EXERCISE DESCRIPTION: Please return the full listing word for word, leaving out any pictures.

SOURCE DATA:
************

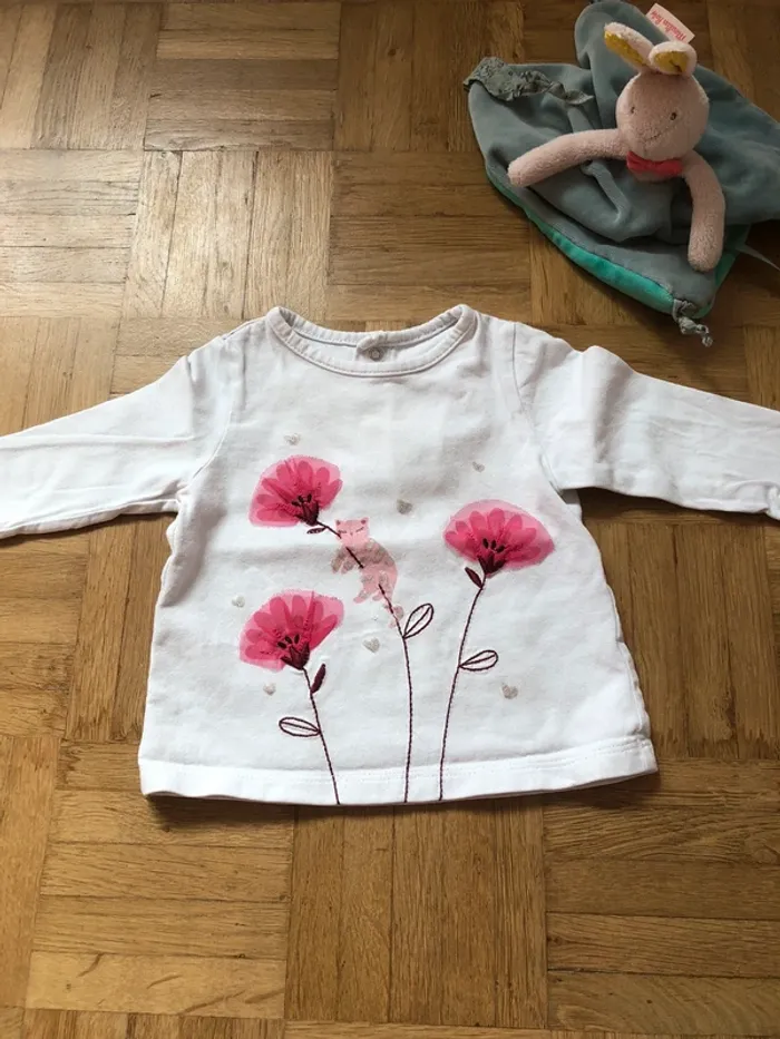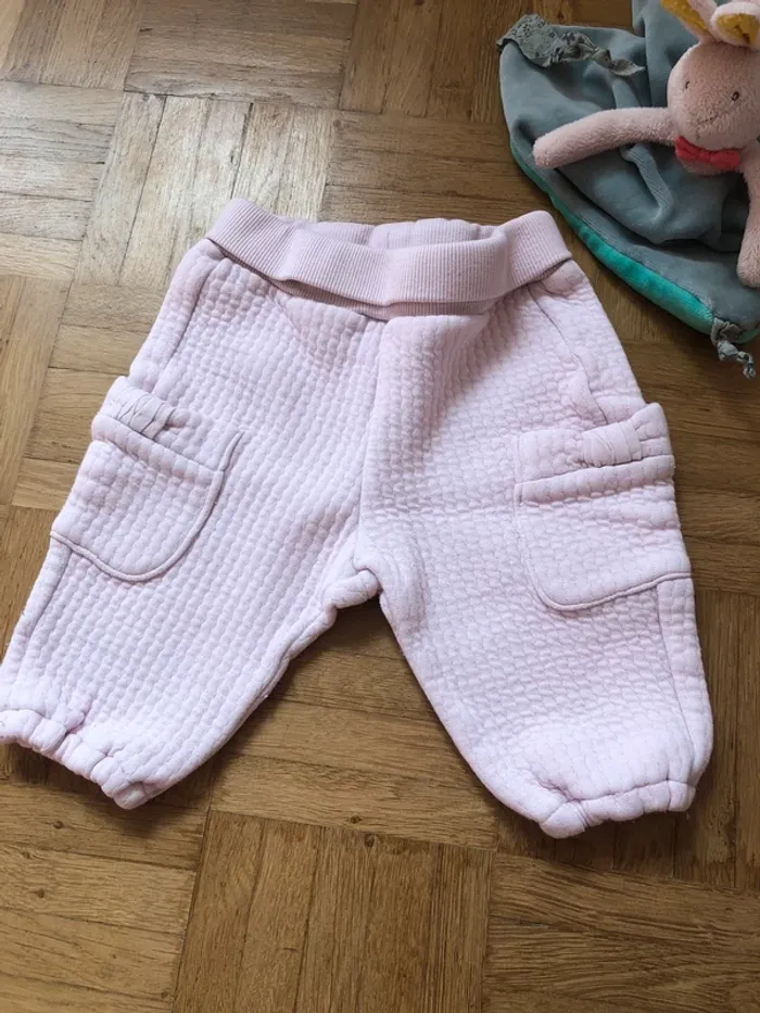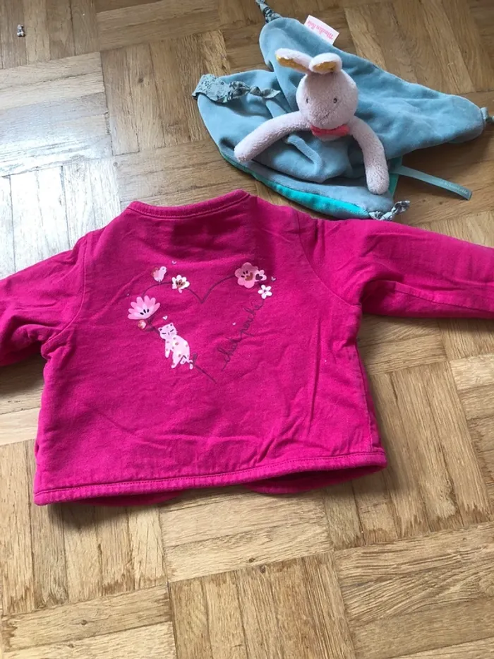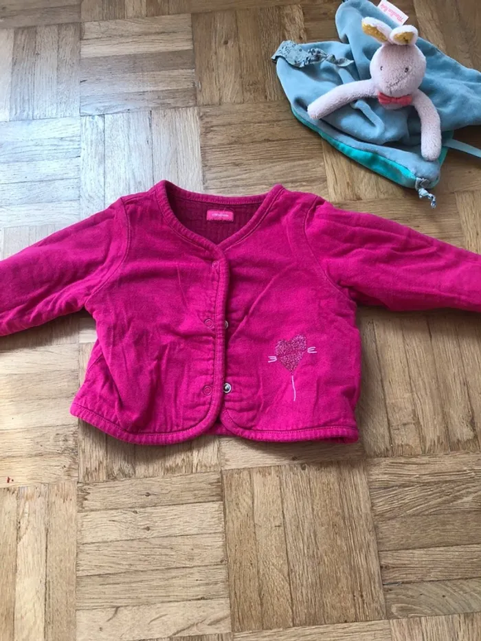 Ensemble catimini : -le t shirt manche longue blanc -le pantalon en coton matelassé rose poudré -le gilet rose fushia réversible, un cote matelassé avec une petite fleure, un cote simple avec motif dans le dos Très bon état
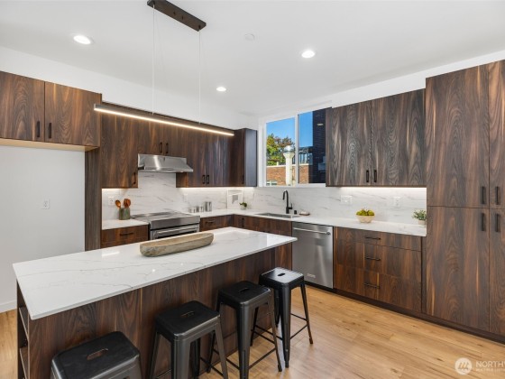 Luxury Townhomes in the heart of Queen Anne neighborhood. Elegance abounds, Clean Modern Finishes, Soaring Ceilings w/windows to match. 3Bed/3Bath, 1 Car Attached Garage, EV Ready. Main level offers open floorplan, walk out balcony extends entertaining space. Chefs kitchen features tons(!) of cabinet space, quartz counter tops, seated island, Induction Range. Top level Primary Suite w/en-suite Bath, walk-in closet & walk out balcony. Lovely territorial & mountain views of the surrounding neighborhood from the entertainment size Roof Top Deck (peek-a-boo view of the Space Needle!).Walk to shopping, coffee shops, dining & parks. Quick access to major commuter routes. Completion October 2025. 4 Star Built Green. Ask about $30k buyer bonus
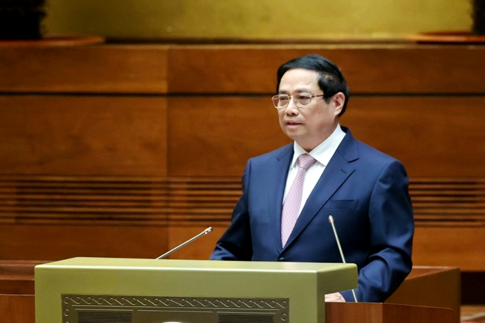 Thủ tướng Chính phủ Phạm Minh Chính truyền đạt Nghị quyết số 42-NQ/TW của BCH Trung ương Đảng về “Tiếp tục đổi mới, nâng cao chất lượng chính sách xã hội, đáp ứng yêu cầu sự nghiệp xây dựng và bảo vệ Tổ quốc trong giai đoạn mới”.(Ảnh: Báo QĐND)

************

RESULT OF THE EXERCISE:
 Ensemble catimini : -le t shirt manche longue blanc -le pantalon en coton matelassé rose poudré -le gilet rose fushia réversible, un cote matelassé avec une petite fleure, un cote simple avec motif dans le dos Très bon état
 Luxury Townhomes in the heart of Queen Anne neighborhood. Elegance abounds, Clean Modern Finishes, Soaring Ceilings w/windows to match. 3Bed/3Bath, 1 Car Attached Garage, EV Ready. Main level offers open floorplan, walk out balcony extends entertaining space. Chefs kitchen features tons(!) of cabinet space, quartz counter tops, seated island, Induction Range. Top level Primary Suite w/en-suite Bath, walk-in closet & walk out balcony. Lovely territorial & mountain views of the surrounding neighborhood from the entertainment size Roof Top Deck (peek-a-boo view of the Space Needle!).Walk to shopping, coffee shops, dining & parks. Quick access to major commuter routes. Completion October 2025. 4 Star Built Green. Ask about $30k buyer bonus
 Thủ tướng Chính phủ Phạm Minh Chính truyền đạt Nghị quyết số 42-NQ/TW của BCH Trung ương Đảng về “Tiếp tục đổi mới, nâng cao chất lượng chính sách xã hội, đáp ứng yêu cầu sự nghiệp xây dựng và bảo vệ Tổ quốc trong giai đoạn mới”.(Ảnh: Báo QĐND)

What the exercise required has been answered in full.